CloudActivity.log: Contains API requests made to the Amazon S3 service endpoints. Increasing to debug level = 3 will include full API request headers for troubleshooting.
CloudStats.log: Contains performance metrics on the volume of data transferred and the transfer speeds (throughput, latency) observed between the S3 endpoint and the Commvault MediaAgent.

Logging Amazon S3 API Calls Using AWSCloudTrail

Amazon S3 (including S3 Batch Operations) is integrated with AWS CloudTrail, a service that provides a record of actions taken by a user, a role, or an AWS service in Amazon S3. You can observe the use of CloudTrail to capture a subset of API calls for Amazon S3 as event, including the submission of the S3:CreateJob request.

If you create a trail, you can enable continuous delivery of CloudTrail events to an Amazon S3 bucket, or you can view the most recent events in the CloudTrail console in Event history.

Using the information collected by CloudTrail, you can determine the s3:CreateJob request that was made to Amazon S3, the IP address from which the request was made, who made the request, when the request was made, and additional details (such as the location of the Completion reports).

S3 Batch Operation Completion Report

Commvault requests Amazon S3 to write a completion report to the Commvault cloud storage location that the restore is performed from.
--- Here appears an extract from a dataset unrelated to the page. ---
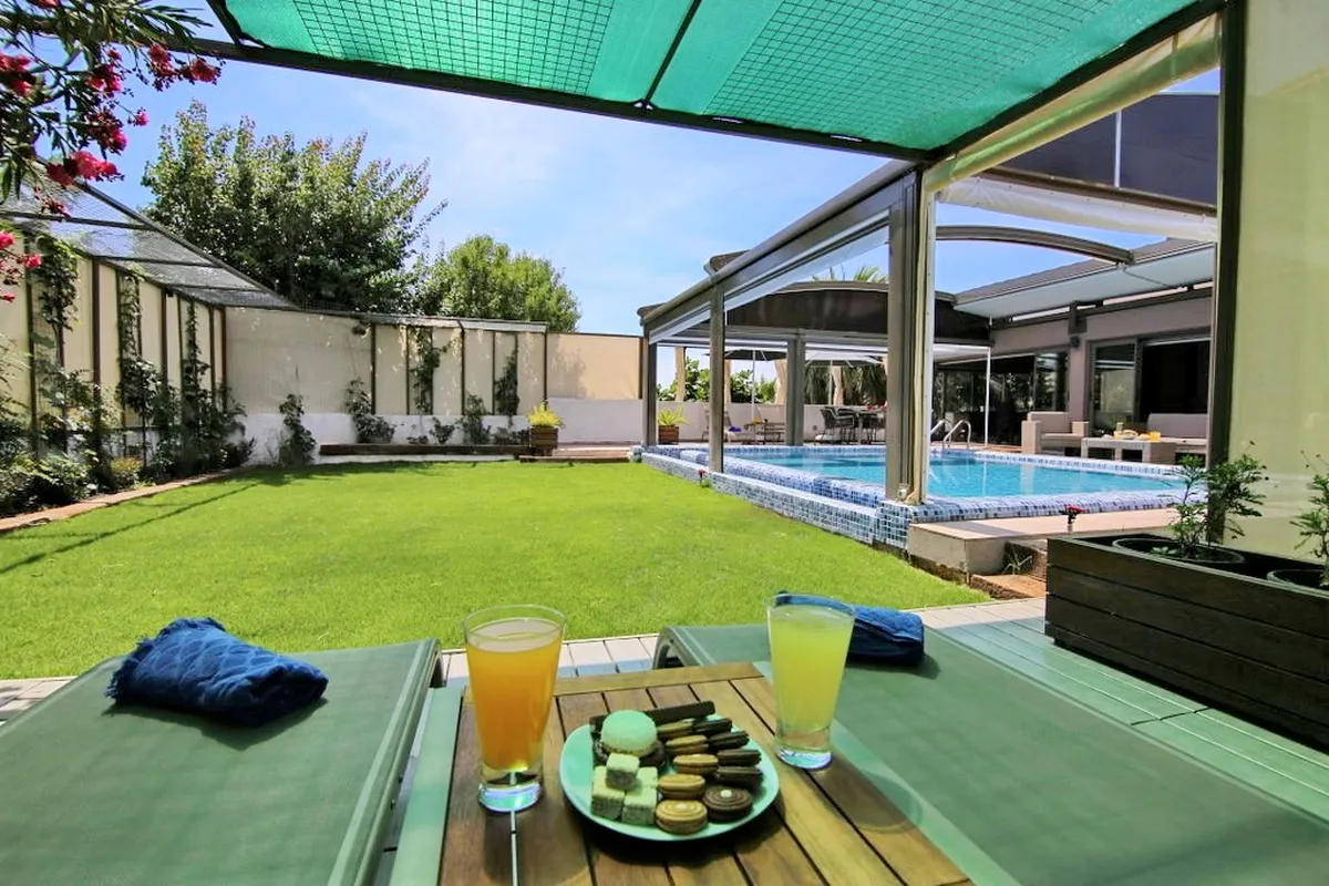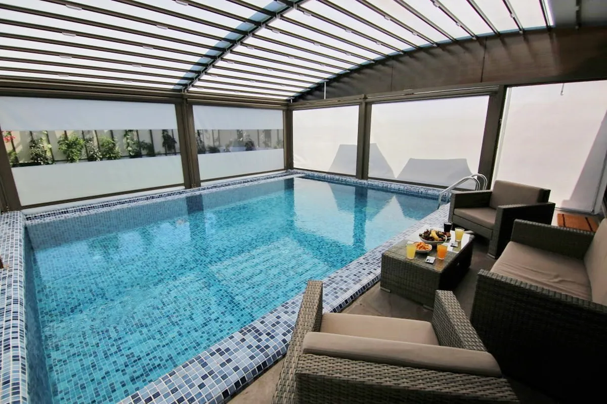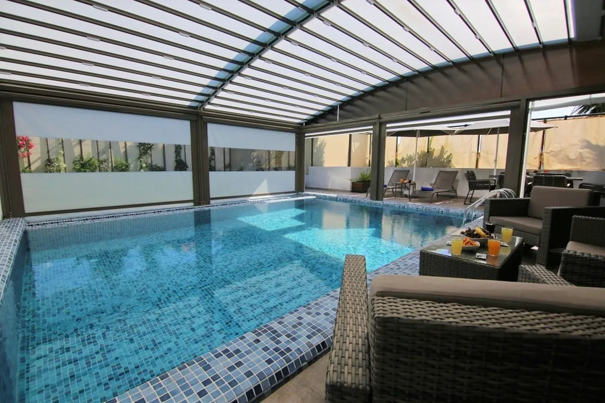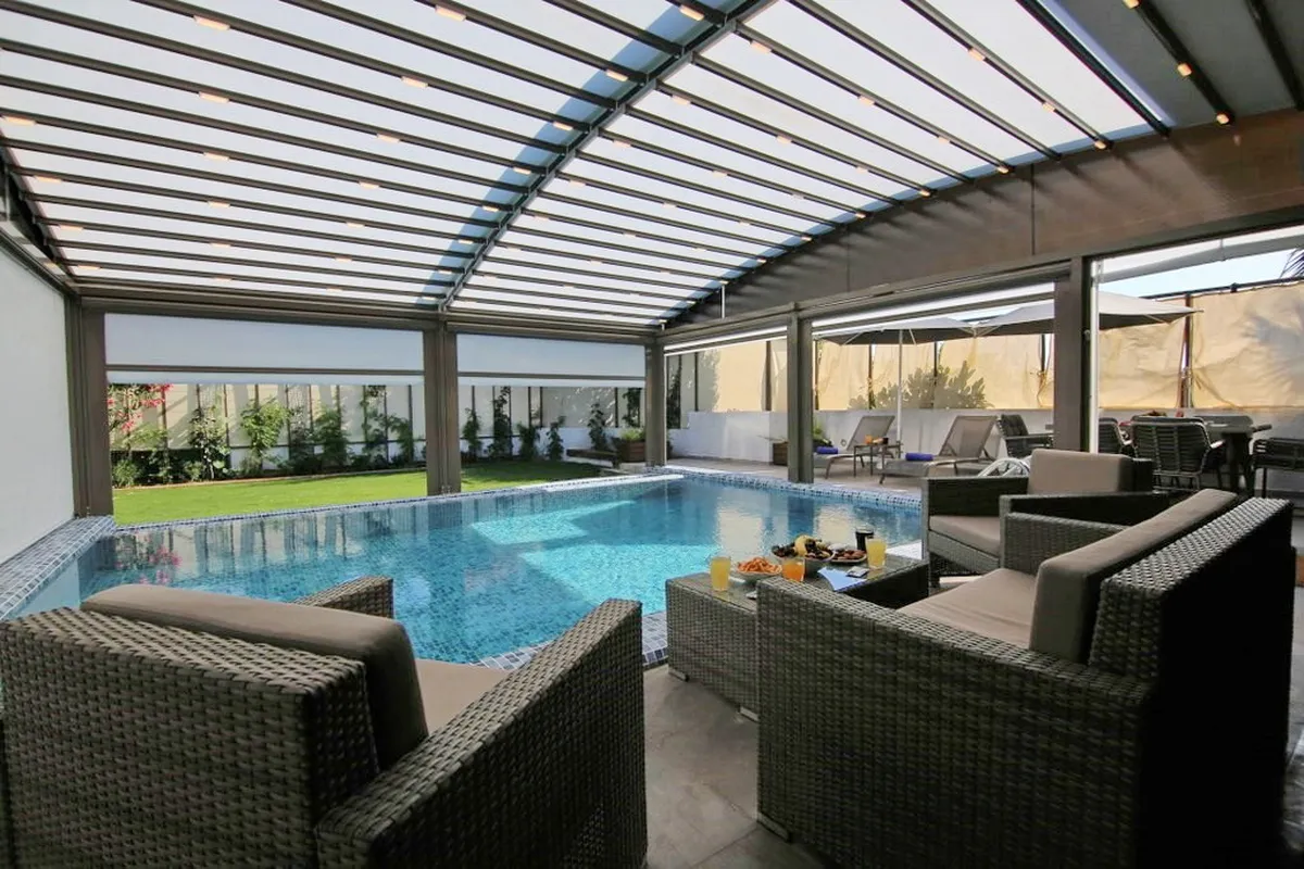 - Heated outdoor pool with remote-controlled enclosure

s3BatchOperationsRestore CVRestoreJobId-Commvault-Cloud-Storage-Archive-Recall-Workflow-Job-ID

To investigate failures, you can use the Commvault Restore Job Id to locate the appropriate CVRestoreJobId-CVWorkflowJobID prefix and completion report. For more information about how unsuccessful operations are handled and logged, see Tracking job failure.

The s3BatchOperationsRestore/CVRestoreJobId-Commvault-Cloud-Storage-Archive-Recall-Workflow-Job-ID folder contains a job folder for each s3:CreateJob that is executed. For example:

s3://source-bucket/s3BatchOperationsRestore/
   CVRestoreJobId-342/
      job-410b054c-be59-47ae-b04b-a713c148bedb/
         manifest.json
         manifest.json.md5
      results/
         e2ce4b092a4a670a58fa8d412e5a975658b5d49b.csv

For information about interpreting completion reports, see Examples: S3 Batch Operations completion reports.

Note

Commvault will not clean up or remove the uploaded manifest files or job completion reports, so that other data analytics activities can be performed. Commvault recommends configuring S3 Lifecycle policies to archive or delete these files in accordance with your business data strategy.

Tracking Job Status and Completion Reports for Faster Restores from Amazon S3 Glacier

Commvault requests that the Amazon S3 Batch job write a completion report to the Amazon S3 bucket that the restore is running from. You will find the reports in the following prefix:

s3BatchOperationsRestore/CVRestoreJobId-Commvault-CloudArchiveRecallWorkflow-Job-Id/CompletionReport/Amazon-S3-Batch-Operation-Job-ID

Commvault summarizes the number of successful and unsuccessful objects restored in Log Files/WorkflowCustom.log on the MediaAgent that performs the restore, for troubleshooting partial or complete restore failures.

To investigate failures, you can use the Commvault Cloud Archive Recall Workflow Job Id to locate the appropriate CVRestoreJobId-nnn prefix and completion report.

For more information about how S3 Batch Operation unsuccessful operations are handled and logged, see Tracking job failure.

The s3BatchOperationsRestore/CVRestoreJobId-Commvault-Cloud-Storage-Archive-Recall-Workflow-Job-ID folder contains a job folder for each s3:CreateJob that is executed. For example:

s3://source-bucket/s3BatchOperationsRestore/ 
   CVRestoreJobId-342/ 
      job-410b054c-be59-47ae-b04b-a713c148bedb/ 
         manifest.json 
         manifest.json.md5 
      results/ 
         e2ce4b092a4a670a58fa8d412e5a975658b5d49b.csv

For information about interpreting completion reports, see Examples: S3 Batch Operations completion reports.

Note

Commvault will not clean up or remove the uploaded manifest files or job completion reports, so that other data analytics activities can be performed. Commvault recommends configuring S3 Data Lifecycle policies to archive or delete these files in accordance with your business data strategy.